[Problem details]:
When you copy the material below, keep every line exact and omit the pictures.

[Dataset excerpt]:
########
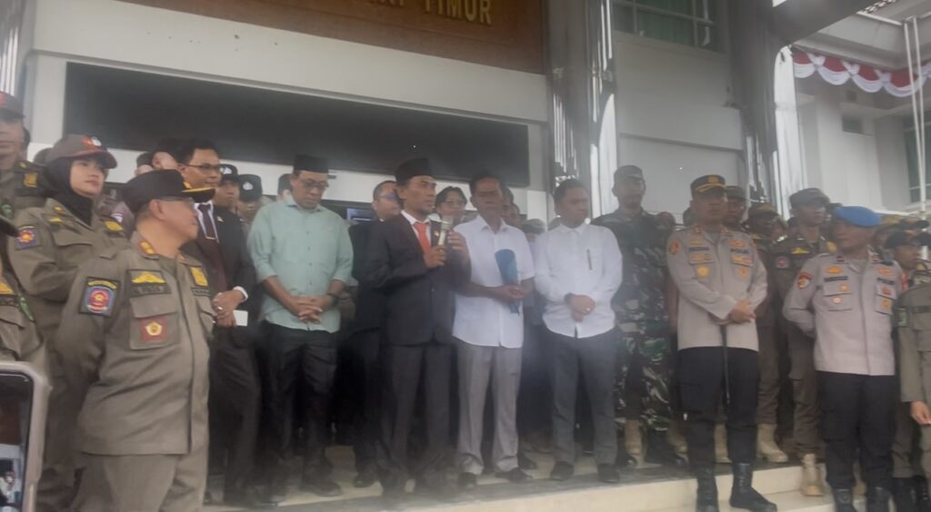 Di tengah berlangsungnya orasi, Ketua DPRD Kutai Timur Jimmi muncul dari dalam gedung didampingi sejumlah anggota dewan lintas fraksi dan komisi. Di hadapan massa, Jimmi menyampaikan apresiasi atas penyampaian aspirasi yang dilakukan secara tertib dan terbuka.
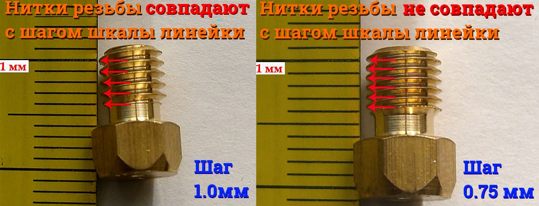 Jusqu'en 2009, des buses pour plaques étaient produites avec un pas de filetage de 1 mm. Dans la plupart des nouvelles plaques fabriquées depuis 2009, des buses avec un filetage de 0,75 mm sont installées. Pour déterminer la taille, il suffit de fixer une règle avec des divisions millimétriques clairement visibles sur le fil.
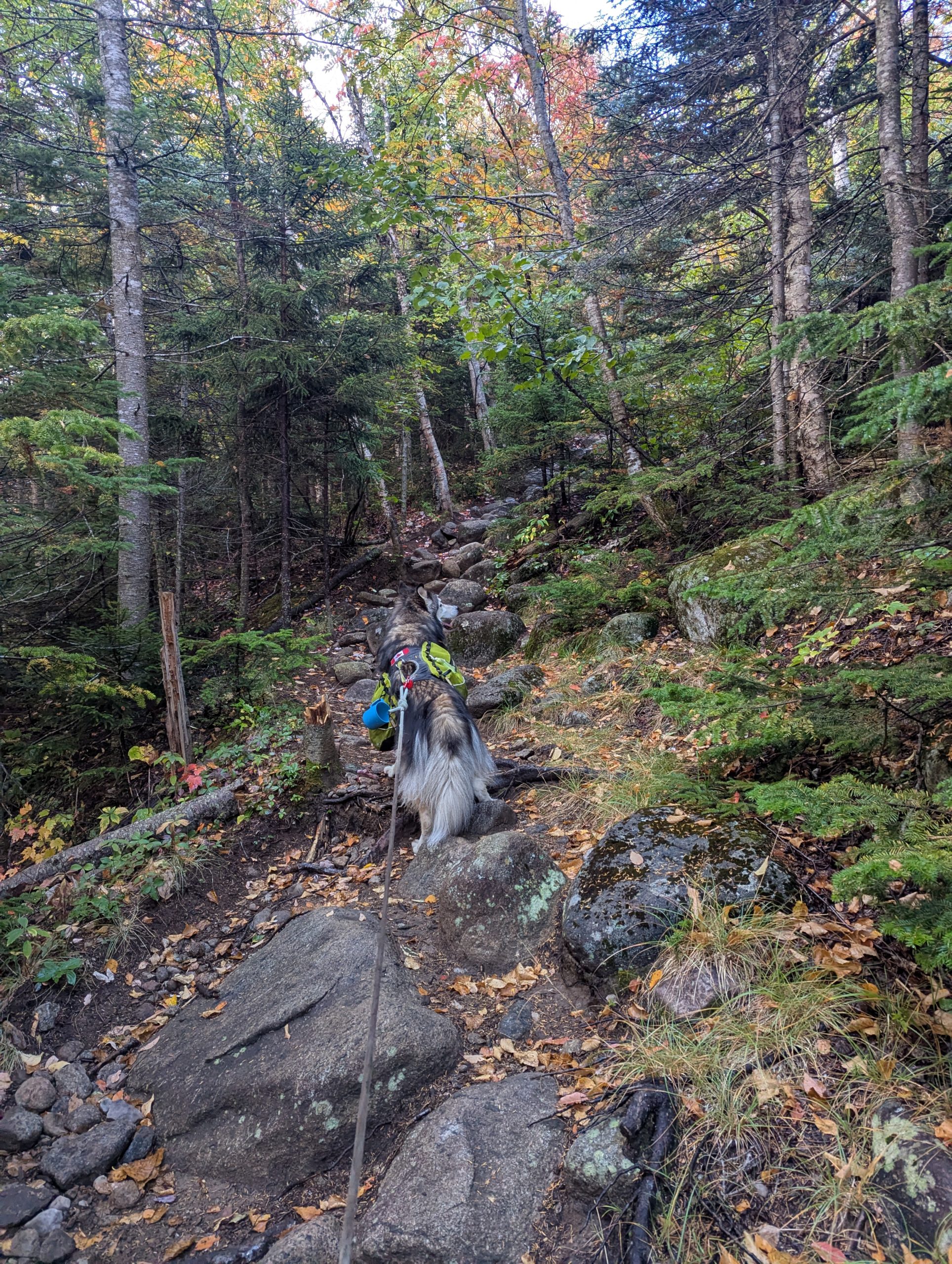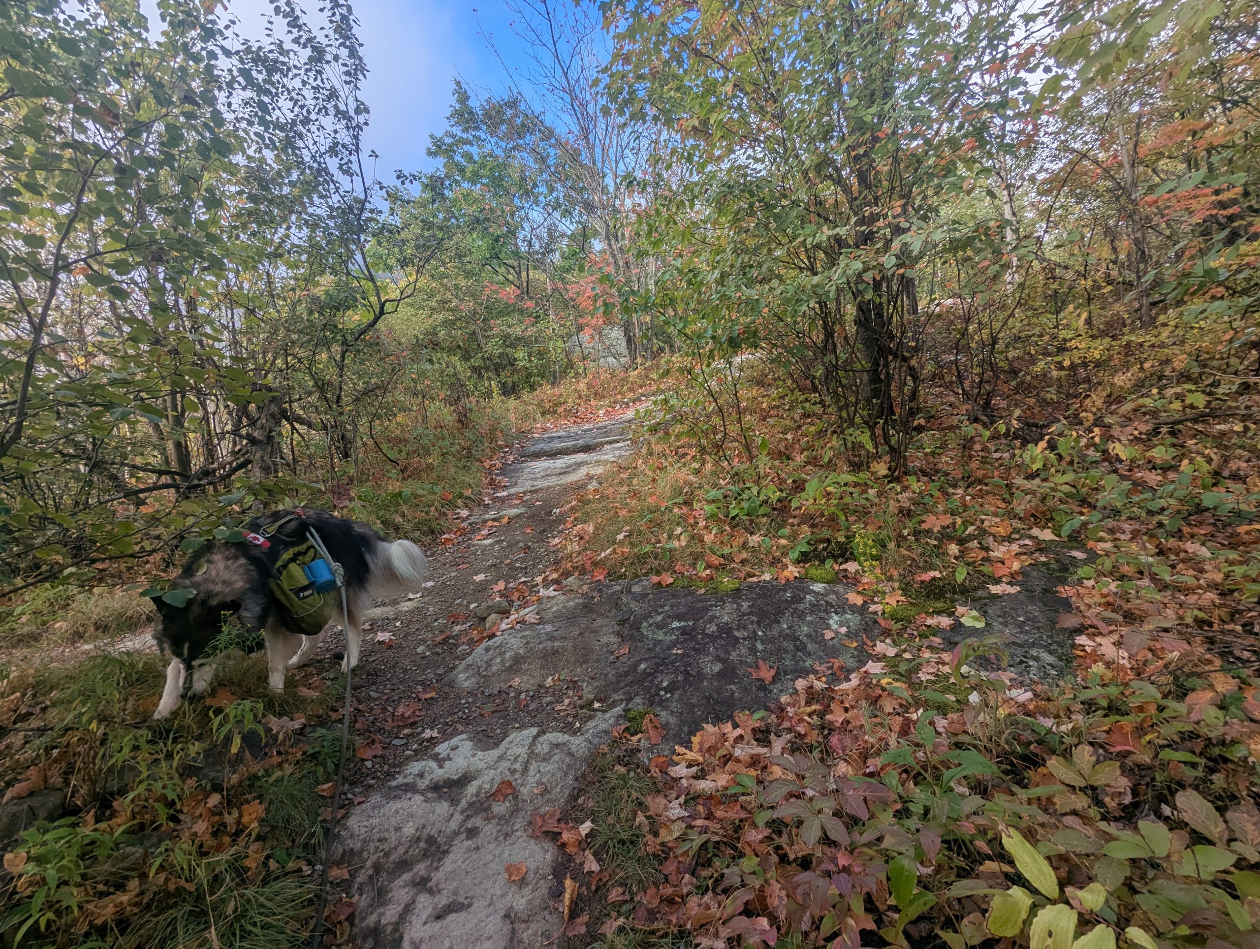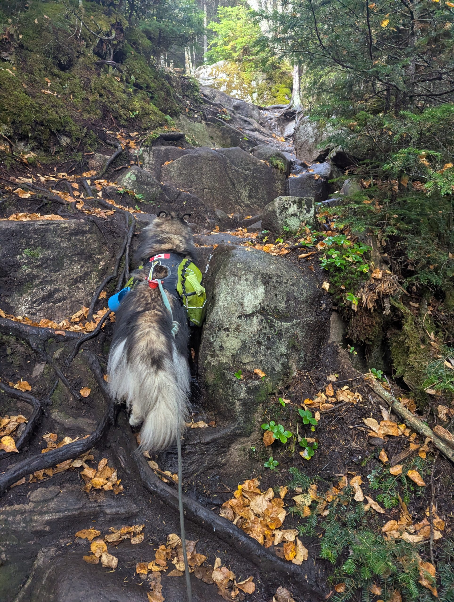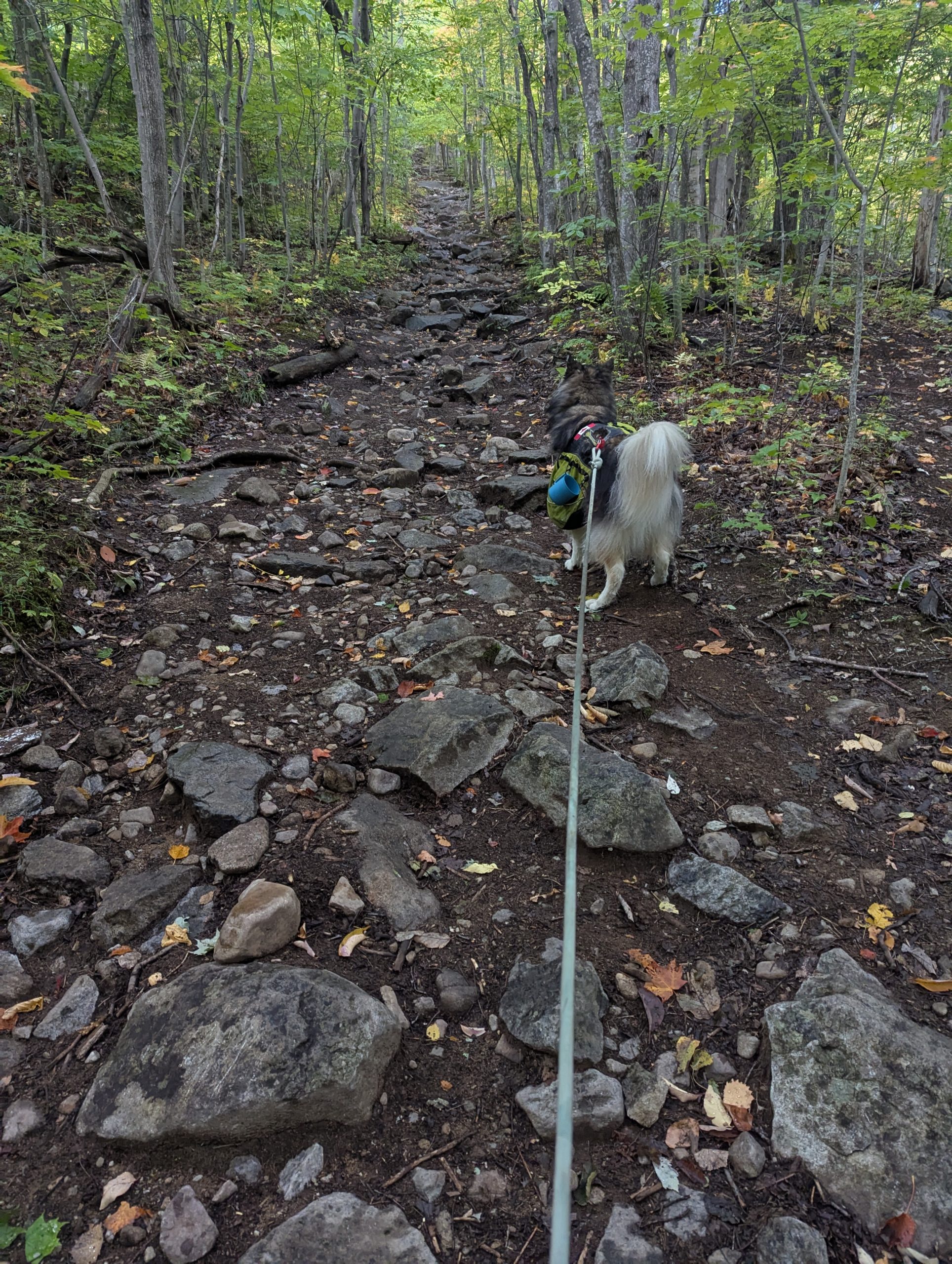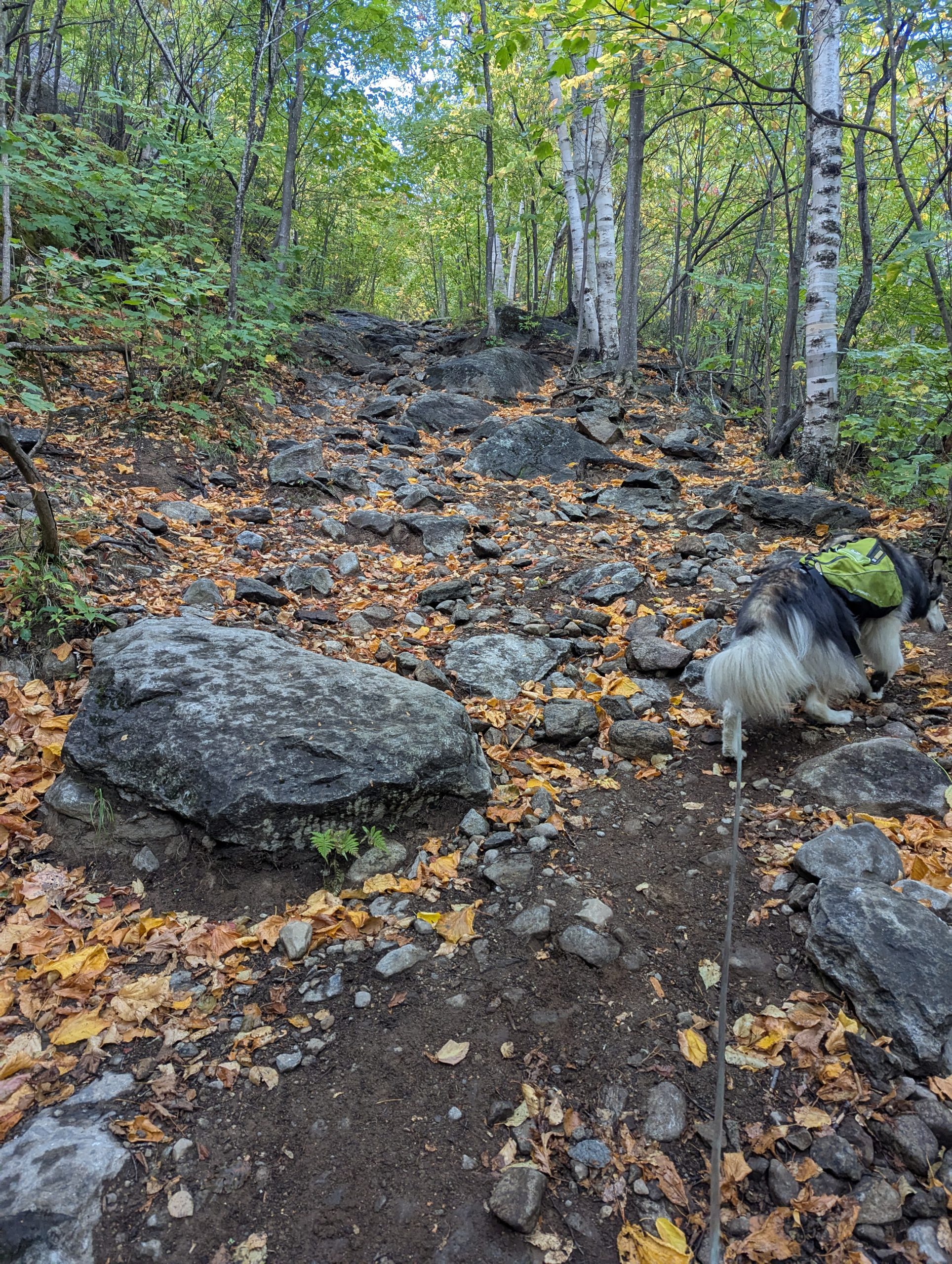 Once back at the junction we turned uphill towards Whiteface, had an interesting time getting around some blow down but soon enough we began crossing cut areas where the resort has cut up and across the trail, then passed the top end of one of the chair lifts before heading back into stacked boulders. Jasper isn’t a fan of this kind of terrain but with some boosts he made it through until we passed under the embankment for the toll road. We decided to take the road around the final section.
########
[Exercise output]:
 Di tengah berlangsungnya orasi, Ketua DPRD Kutai Timur Jimmi muncul dari dalam gedung didampingi sejumlah anggota dewan lintas fraksi dan komisi. Di hadapan massa, Jimmi menyampaikan apresiasi atas penyampaian aspirasi yang dilakukan secara tertib dan terbuka.
 Jusqu'en 2009, des buses pour plaques étaient produites avec un pas de filetage de 1 mm. Dans la plupart des nouvelles plaques fabriquées depuis 2009, des buses avec un filetage de 0,75 mm sont installées. Pour déterminer la taille, il suffit de fixer une règle avec des divisions millimétriques clairement visibles sur le fil.
 Once back at the junction we turned uphill towards Whiteface, had an interesting time getting around some blow down but soon enough we began crossing cut areas where the resort has cut up and across the trail, then passed the top end of one of the chair lifts before heading back into stacked boulders. Jasper isn’t a fan of this kind of terrain but with some boosts he made it through until we passed under the embankment for the toll road. We decided to take the road around the final section.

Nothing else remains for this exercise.